Le livre se présente comme un piège malicieux tendu au public friand de ces déplorations réactionnaires sur le « déclin de l’école » qui fleurissent à chaque rentrée scolaire. Le titre, Je hais les pédagogues, assurera à son auteur une belle place sur les étales des libraires... Les plus curieux des lecteurs, en survolant les premières pages, seront soulagés d’y voir pris à partie Dubet et Meirieu.

Cette ruse éditoriale est à l’image d’un auteur espiègle à la prose ironique. Car, s’il y a bien un objet de « haine » dans ce livre, c’est à l’encontre des Pologny, Brighelli et autres Finkelkraut qu’elle s’exprime. Cette partie est jubilatoire : l’auteur y décrypte le discours « réac-publicain », non sans renvoyer à leur chères études de latin et de grec certains d’entre eux pour leurs fantaisies étymologiques.
Dans un second temps, il prône la modération vis-à-vis du camp dit « des pédagogues », démontrant que celui-ci est bien moins homogène et influent que ce que ses adversaires se complaisent à laisser à penser...

Il n’empêche que Pascal Bouchard croit à une guerre de religion autour de la question scolaire et il en démonte les ressorts idéologiques et politiques – laissant un peu trop de côté la dimension sociale de cette querelle.

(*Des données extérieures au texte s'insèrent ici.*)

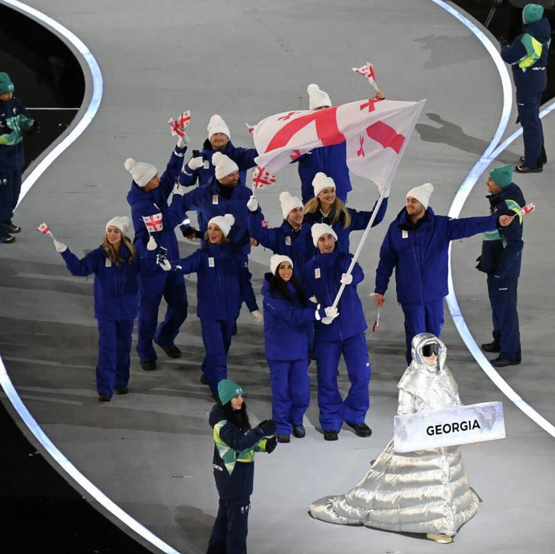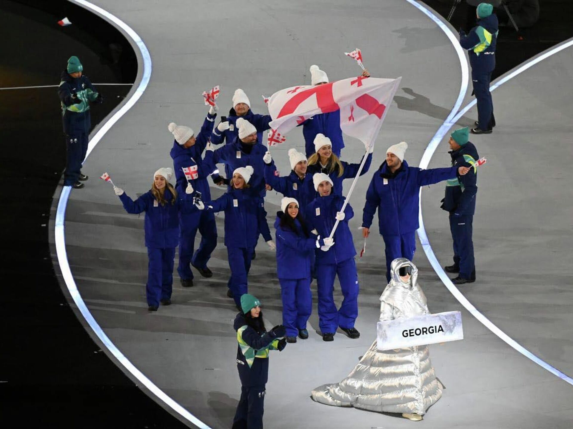 Грузинскую делегацию на Играх возглавляет президент Олимпийского комитета, олимпийский чемпион Лери Хабелов, а главой миссии в олимпийской деревне стала президент федерации фигурного катания, член исполнительного комитета Олимпийских игр Мариам Гиоргобиани.
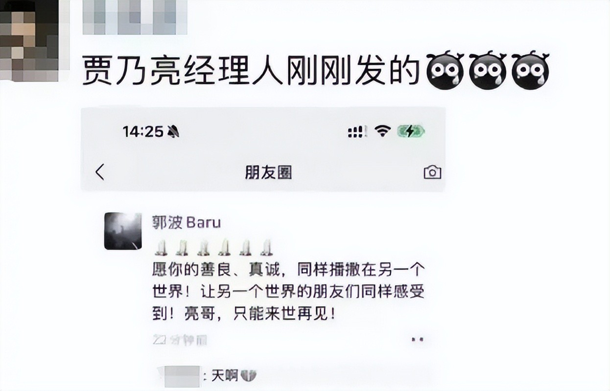 原来是贾乃亮的经纪人在朋友圈哀悼说:“亮哥,只能来世再见”,这才让大家产生了误会。
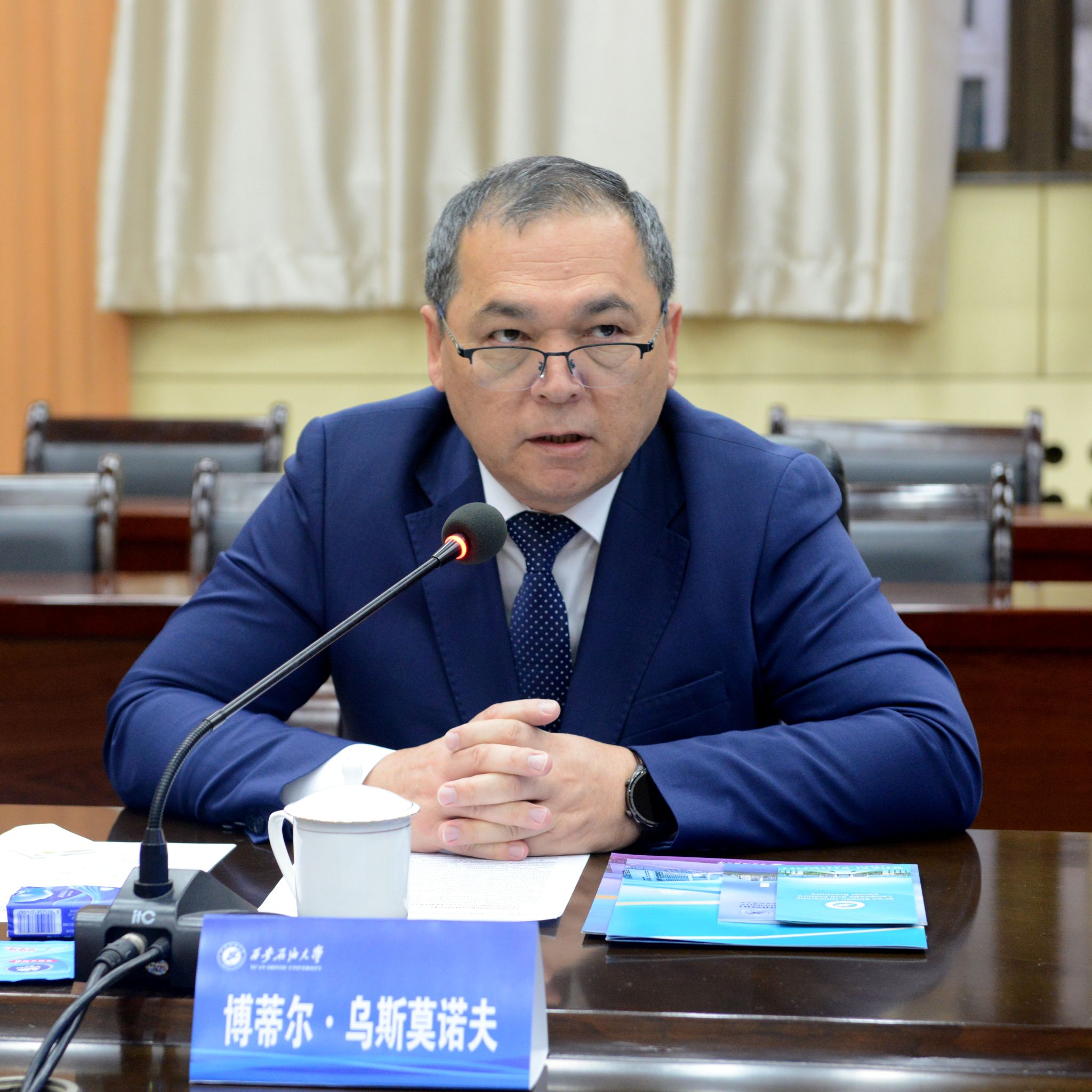 王進(jìn)富首先對博蒂爾·烏斯莫諾夫一行來訪表示熱烈歡迎,并簡要介紹了學(xué)校學(xué)科特色及當(dāng)前中亞國際合作辦學(xué)情況。他表示,兩校學(xué)科優(yōu)勢與戰(zhàn)略愿景高度契合,未來可在能源化工、資源利用與環(huán)境保護(hù)等方向?qū)崿F(xiàn)深度合作。愿雙方共建聯(lián)合實(shí)驗(yàn)室成為中烏教育合作的新亮點(diǎn),為雙方科研創(chuàng)新與人才培養(yǎng)提供更好平臺。

Au chapitre des propositions, on reste plus circonspect. Le salut viendrait d’une approche pragmatique, consensuelle, esquissée par la nouvelle loi de refondation de l’école et un ministre, Vincent Peillon, pour lequel l’auteur ne cache pas son admiration... La mise en place d’une structuration administrative par bassins, pilotés par des CESE (Conseils économiques, sociaux et environnementaux) est-elle à la hauteur des enjeux ? On reste même en deçà, pour un auteur qui se réclame pourtant du camp des « démocrates », d’une démocratie participative (sans parler d’une démocratie directe). Il est vrai que si, sur les questions pédagogiques, l’ouvrage fait preuve de lucidité, il reste animé par une vision politique bien peu révolutionnaire (l’auteur se veut « pragmatique »), comme en témoignent les quelques lignes de conclusion « : « Toutes les questions politiques ne peuvent être soumises à la palabre. Il appartient aux députés de voter l’impôt, et au président de décider d’une intervention militaire. Mais sur les questions de société, et l’école en une de toute évidence, notre République est bloquée, notre démocratie représentative délibère, mais sans avoir vraiment prise sur le réel ni sur les mentalités, et toute décision prend une dimension ontologique. Il est urgent d’en sortir. Ce ne sera plus tout à fait la Ve République. Qui s’en plaindra ? ». Il s’agit alors de défendre « un dialogue équilibré entre l’école et la société, sans que l’un prenne le pas sur l’autre, et sans bloquer les nécessaires adaptations aux évolutions du temps. »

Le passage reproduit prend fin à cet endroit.